In the beginning I really did not like to portray myself in the film. It took us 1 1/2 years to edit the film and in this time I needed to grow up to become the film maker I needed to be. It is very difficult to be vulnerable and to say what it is that actually touched you by encountering someone. If you look at the first versions of the film you can see that I completely did not have a voice. The voiceover did not exist. Over time I realised that if I really wanted to show Reyboy as a person it is important to show how we relate to each other.
It was really hard to be open and vulnerable and I honestly do not know if I can do it again. I really took a long time to be ready to talk about my grandmother or tell the audience that at some point I stopped dreaming. I also took a long time to recognise that myself.
I was reading about “vulnerable anthropology” from Ruth Behar, and she said something that really touched me: “Sometimes as an adult you loose the vocabulary that you had as a child. At the same time when you were a child you did not really understand everything that is happening to you.” And I felt like I remembered a lot of things of my childhood when I was spending time with Reyboy. And that there are also things I do not have words for anymore. So, I felt like this film could bridge this.

How do you feel now that the film is out here in the open?
I started to feel very sad when we finished editing the film. Of course I was happy that it was displayed at the Berlinale but at the same time I was sad because I was afraid that I would never feel so touched by something again. We worked at this for three years and I felt I grew up as a person while doing that. It was really great and really hard. I don’t know if this happens twice in your life. Then I was afraid that I was not able to be as moved by anything again. But of course this is just me having a hard time saying goodbye.
But then, when it is no longer in your hands and you give it to the audience, I had to learn how to give up control. How to say “This is what I experienced with Reyboy, I hope you see it too”. And this letting go was really one of the hardest aspects.
But then at the same time I am super happy and grateful that other people get to experience what I experienced.
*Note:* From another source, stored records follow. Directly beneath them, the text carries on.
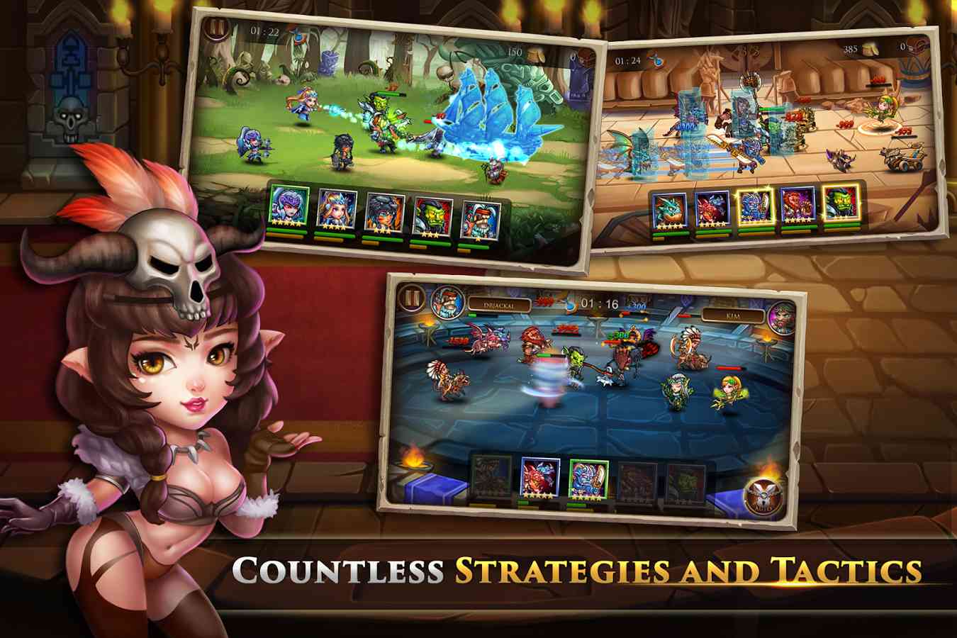 收集不同种类的稀有英雄,从强力的战士和熟练的远程战斗人员的魔术大师,到位。。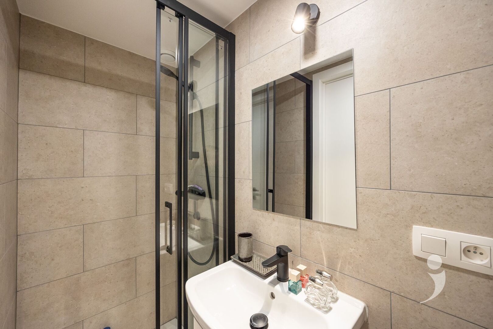 Discover this high-quality and stylish student room in a completely renovated building located at 154 Mechelsestraat, in the heart of Leuven. The building was renovated according to the rules of the art and finished with high-quality materials. In total there are 7 modern student rooms, each with its own sanitary facilities. On the ground floor is a cozy common room with an adjacent spacious kitchen overlooking a green city garden with terrace the ideal place to relax or study together.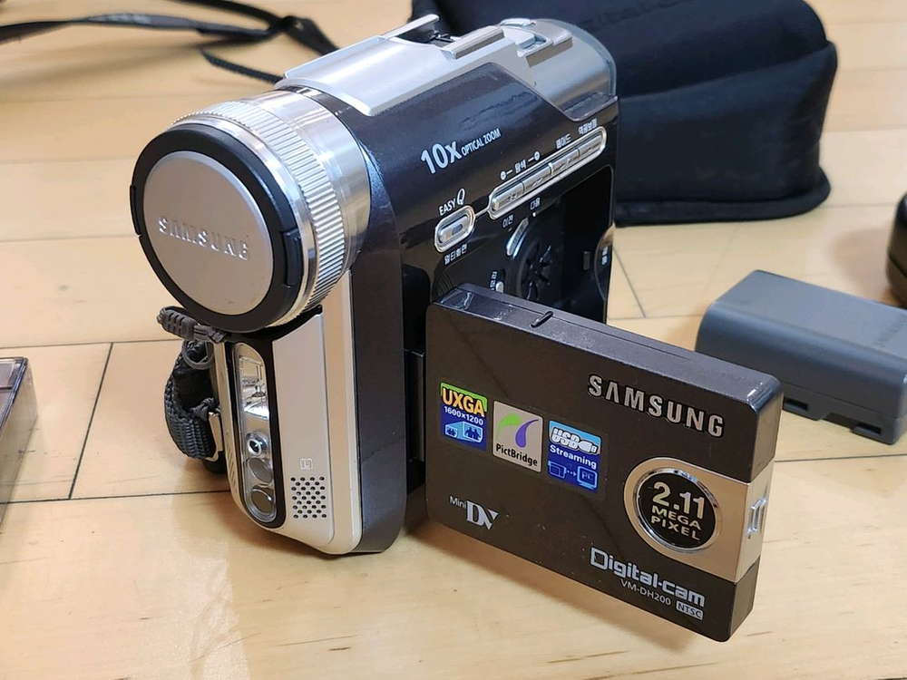 삼성 VM-DH200 6mm 디지털 비디오 캠코더 카메라 핸디캠 입니다. 오랜 세월에도 약간 사용감 제외 외관 매우 깨끗 한 편이고 촬영 재생 이상없습니다. 상세 사진 참조 하시기 바랍니다. 예전에 촬영해 놓으신 6mm 테이프 보시거나 편집하실 때 아주 유용합니다. 배터리는 20여년의 세월에 완전 방전되어 전원 아답터 220V로 연결 사용 가능합니다. 택배 시, 택배비 4000원 추가됩니다.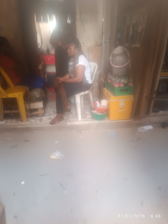 A woman in a white shirt and dark pants sits on a white chair. Next to her are a cooler, a crate of bottled beverages, and a bucket. Another person stands nearby, mostly obscured. A yellow plastic chair is also present. The scene is cluttered, with trash and debris scattered on the ground. The timestamp "17/01/2026 16:43" is visible.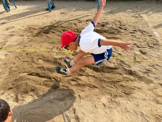 思いきりジャンプ!「もっと遠くに跳びたい!」と、みんなやる気いっぱいです。友だちと記録を比べたり、応援し合ったりしながら、楽しく体を動かしています。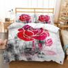 Valentinstag-Home-Bettwäsche, Einzelbett, Doppelbett, voller Größe, Rosendruck, Kissenbezug und Bettbezug, 2/3 Sätze Paar-Schlafzimmer-Bettwäsche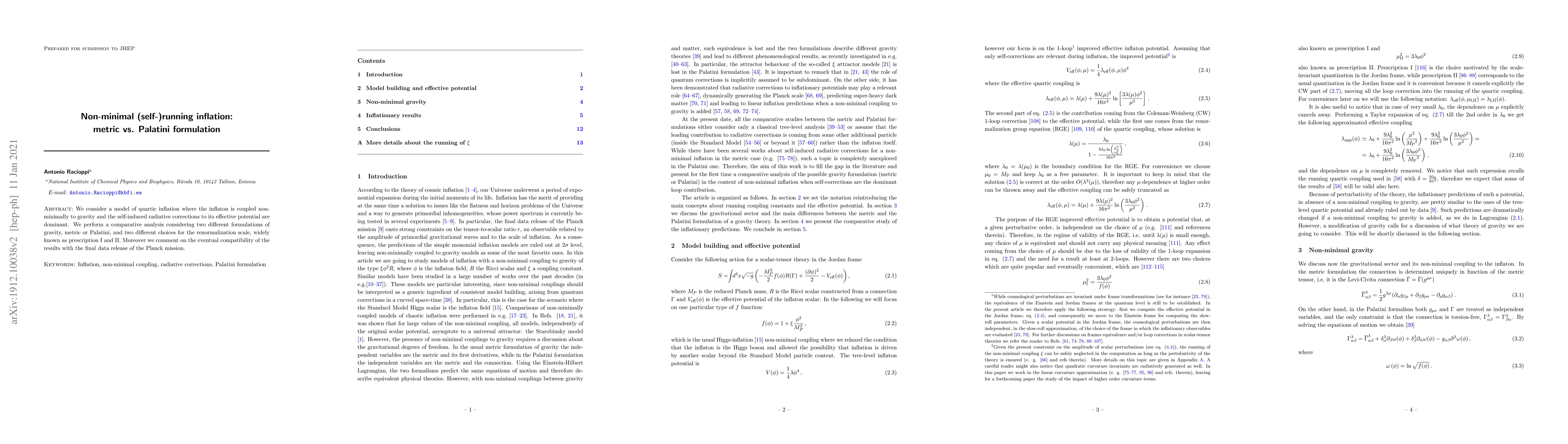 This paper examines a quartic inflationary model with non-minimal inflaton-gravity coupling, comparing metric and Palatini formulations of gravity, and discusses the impact of different renormalization prescriptions on the model's predictions, with a focus on compatibility with the Planck mission data.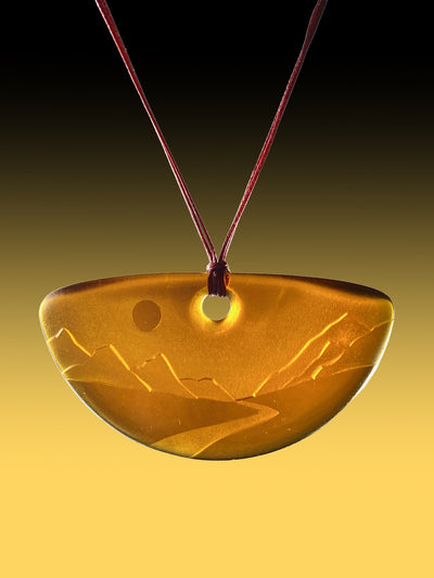 This pendant has been carefully designed and sandblasted with a hand-drawn unique landscape design on the front, and is smooth tumble polished glass on the back. The colour is a gorgeous warm orangey-brown.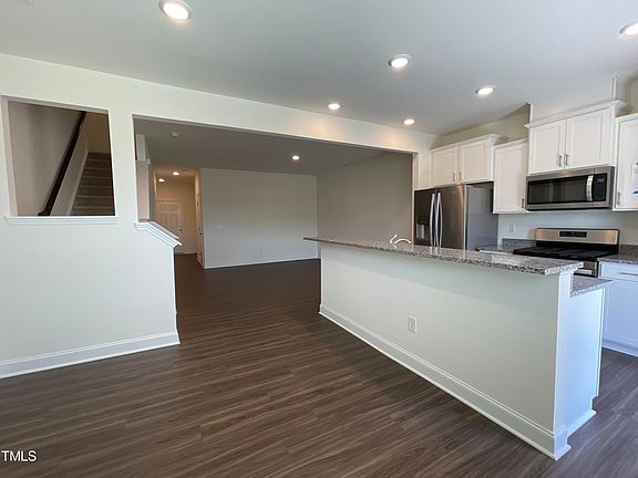 Beautiful townhome in a desirable neighborhood, right across from the upcoming Waterfront district. 3 spacious bedrooms, 2.5 bathrooms, open floor plan, 1 car garage and much more. Near dining and shopping. Short drive from anywhere in the Triangle. Furnished photos are of a model for illustration purposes only. Home to be completed early June. Ask about our move in special.

And that even though we do not speak the same language or do not live in the same place we can be touched by the same things somehow.

What is the reception you got for the film so far?
The film is currently being shown at different festivals, right now there is one in New Zealand.
There were things I was worried people would not understand like the feeling of childhood fleeting and not returning. Or some things I just really like, like watching trees or the stars with Reyboy - which are things I just do not know if the audience appreciates them as well. But people have written to me and they said that it reminded them of something they had forgotten. One Polish person wrote me and said that it reminded him of his childhood days. For me, that’s enough, to make someone remember something they have forgotten.
Naturally, it is not always perfect. I also get some questions about why nothing happens. However, this is what I intended to do. In life you also do not always feel like something happens and when you look back it was something important but when you were living it it wasn’t. So I was hoping that we could pay attention to things that are not that loud.
When we were editing the film there was this huge temptation to cut it in a way that something happens, to suggest big things, but in the end I think it is important to give space. It is not always this giant hero’s journey and you fight someone in the end and win. Sometimes it really is about time and how it passes.

Und mit diesen Worten verabschiedeten wir uns.